2022 a été l’année où l’intelligence artificielle (IA) générative a explosé aux yeux du grand public, et 2023 l’année où elle a commencé à s’implanter dans le monde de l’entreprise. 2024 sera donc une année charnière pour l’avenir de l’IA, les chercheurs et les entreprises souhaitant établir comment ce bond technologique peut être intégré de la manière la plus pratique possible dans notre vie quotidienne.
L’évolution de l’IA générative suit celle des ordinateurs, bien qu’elle soit considérablement accélérée. Les ordinateurs mainframe imposants et centralisés de quelques acteurs ont cédé la place à des machines plus petites et plus efficaces, accessibles aux entreprises et aux instituts de recherche. Dans les décennies qui ont suivi, des progrès progressifs ont permis l’apparition d’ordinateurs domestiques que les amateurs pouvaient personnaliser. Avec le temps, les ordinateurs personnels puissants dotés d’interfaces no-code intuitives sont devenus omniprésents.
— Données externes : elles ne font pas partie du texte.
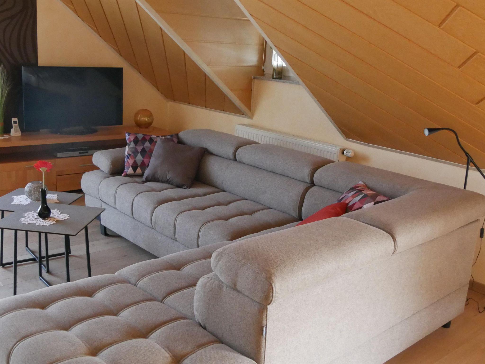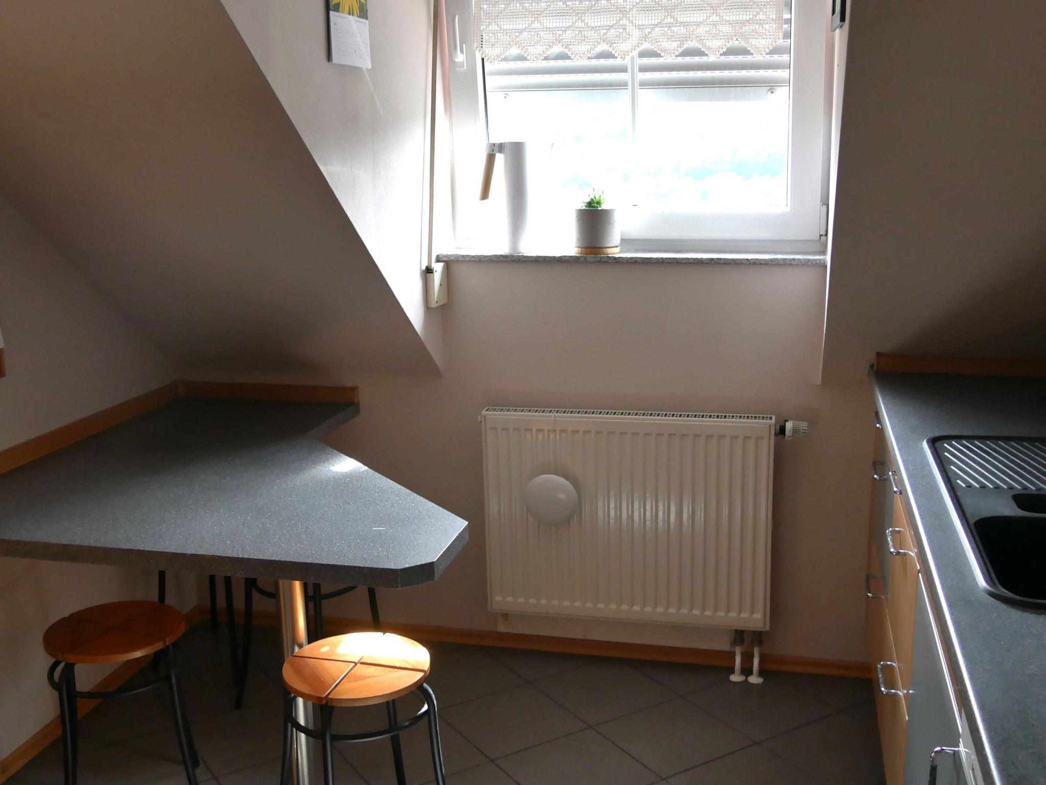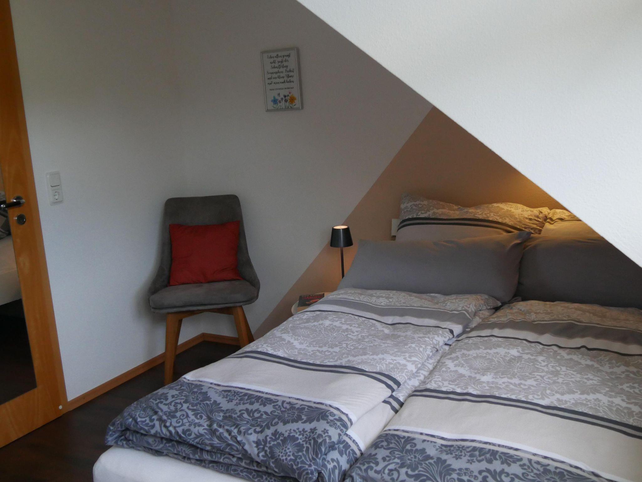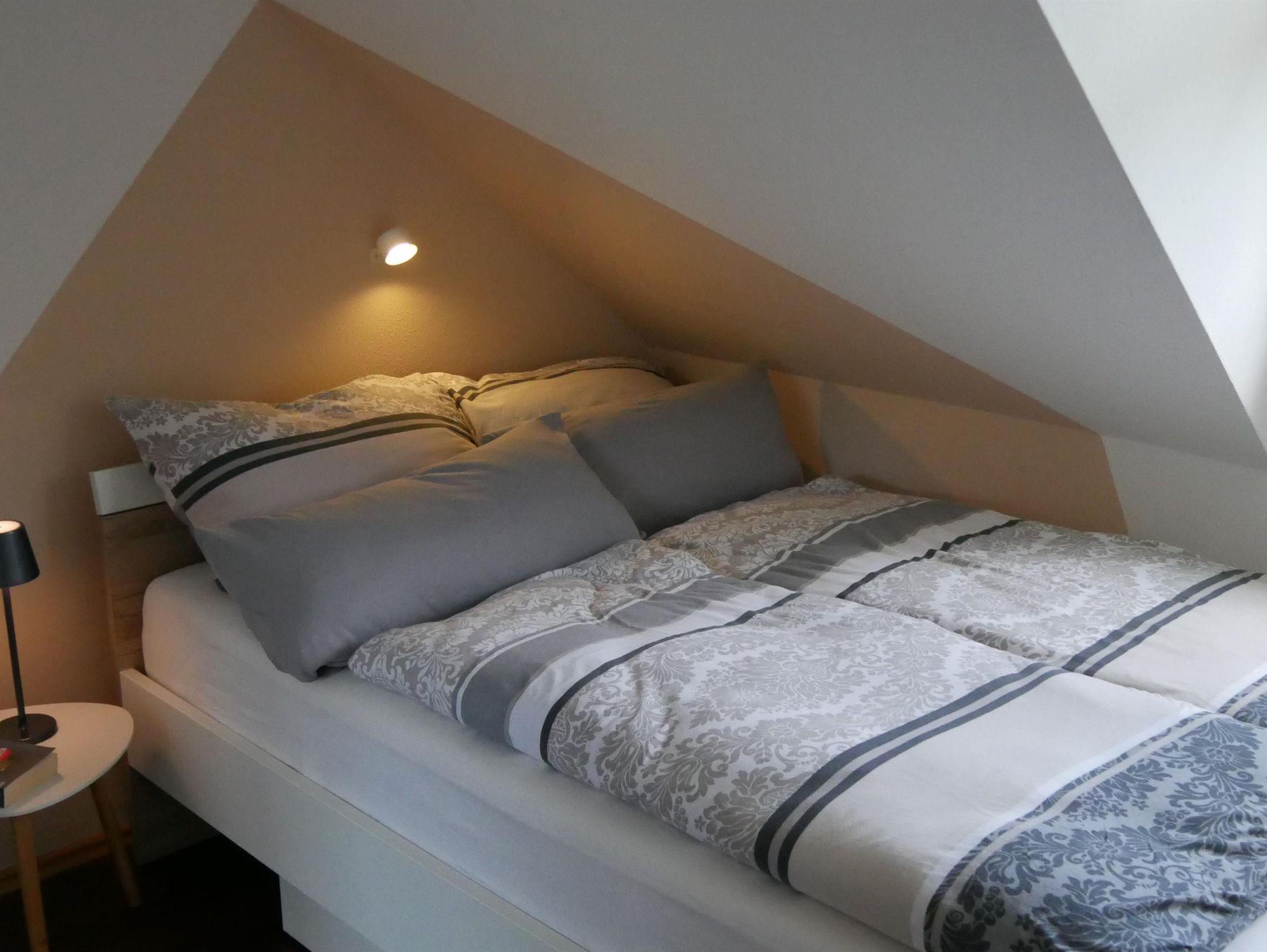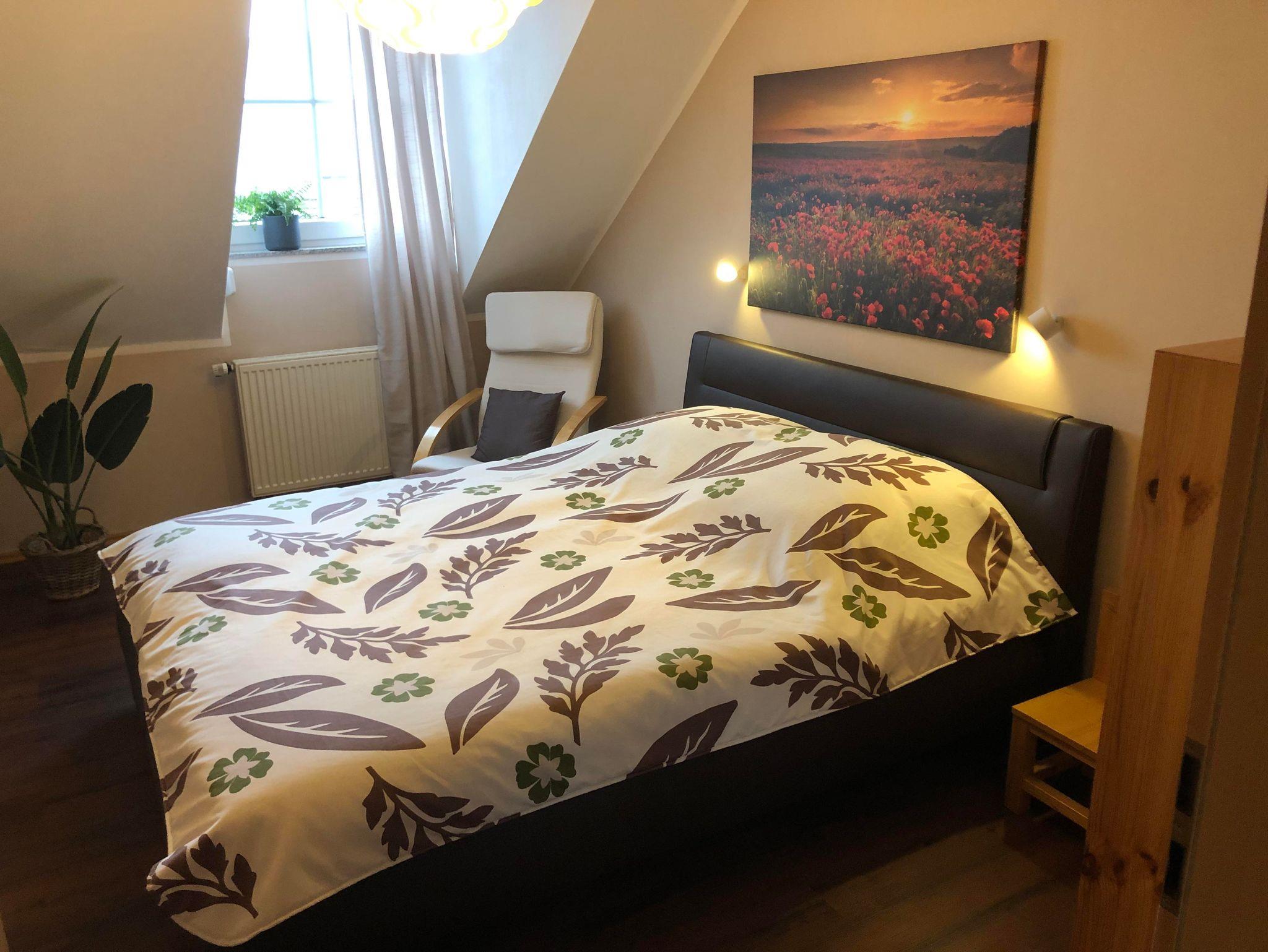 Die großzügige und helle Ferienwohnung (Nichtraucherwohnung) befindet sich im Dachgeschoss unseres Hauses und bietet auf etwa 80 Quadratmetern ausreichend Platz für bis zu vier Personen. Hier finden Sie alles, was das Herz begehrt, um einen erholsamen Urlaub zu genießen. Die Wohnung verfügt über zwei separate Schlafzimmer – eines mit einem Doppelbett (1,60 x 2 m), das andere mit einem französischen Bett (1,40 x 2 m). Das Badezimmer ist mit einer Dusche, WC und Waschbecken ausgestattet. Dort befindet sich ebenfalls eine Waschmaschine. Ein Wäschetrockner steht kostenfrei bereit. Die Küche lässt keine Wünsche offen und bietet neben einem Herd, einen Backofen, eine Mikrowelle, Kaffeemaschine und einen Wasserkocher. Zwei Balkone – einer in Südost-, der andere in Südwestausrichtung – laden dazu ein, die Sonne von morgens bis abends zu genießen und dabei den herrlichen Ausblick in die Weite zu erleben. Für Unterhaltung sorgen ein Flachbildfernseher, kostenloses WLAN, eine Auswahl an deutsch- und englischsprachiger Urlaubslektüre sowie verschiedene Gesellschaftsspiele. Der Garten mit mehreren Sitzgelegenheiten kann ebenfalls gerne mitbenutzt werden. Bei einer Belegung mit mindestens drei Personen steht auf Wunsch ein zusätzliches Badezimmer mit Dusche, Badewanne und WC gegen einen Aufpreis zur Verfügung. Für eine fünfte Person kann zudem die Couch als Schlafcouch genutzt werden – ebenfalls auf Anfrage und gegen Aufpreis.

L’IA générative a déjà atteint sa phase « hobbyiste » ; comme pour les ordinateurs, les progrès futurs visent à atteindre de plus grandes performances dans des unités plus petites. En 2023, on assiste à une explosion de modèles de fondation de plus en plus efficaces avec des licences ouvertes, en commençant par le lancement de la famille de grands modèles de langage (LLM) LlaMa de Meta, puis de modèles tels que StableLM, Falcon, Mistral et Llama 2. DeepFloyd et Stable Diffusion ont atteint la parité relative avec les principaux modèles propriétaires. Améliorés par des techniques de perfectionnement et des jeux de données développés par la communauté open source, de nombreux modèles ouverts peuvent désormais surpasser tous les modèles à source fermée, à l’exception des plus puissants, sur la plupart des points de référence, malgré un nombre de paramètres bien inférieur.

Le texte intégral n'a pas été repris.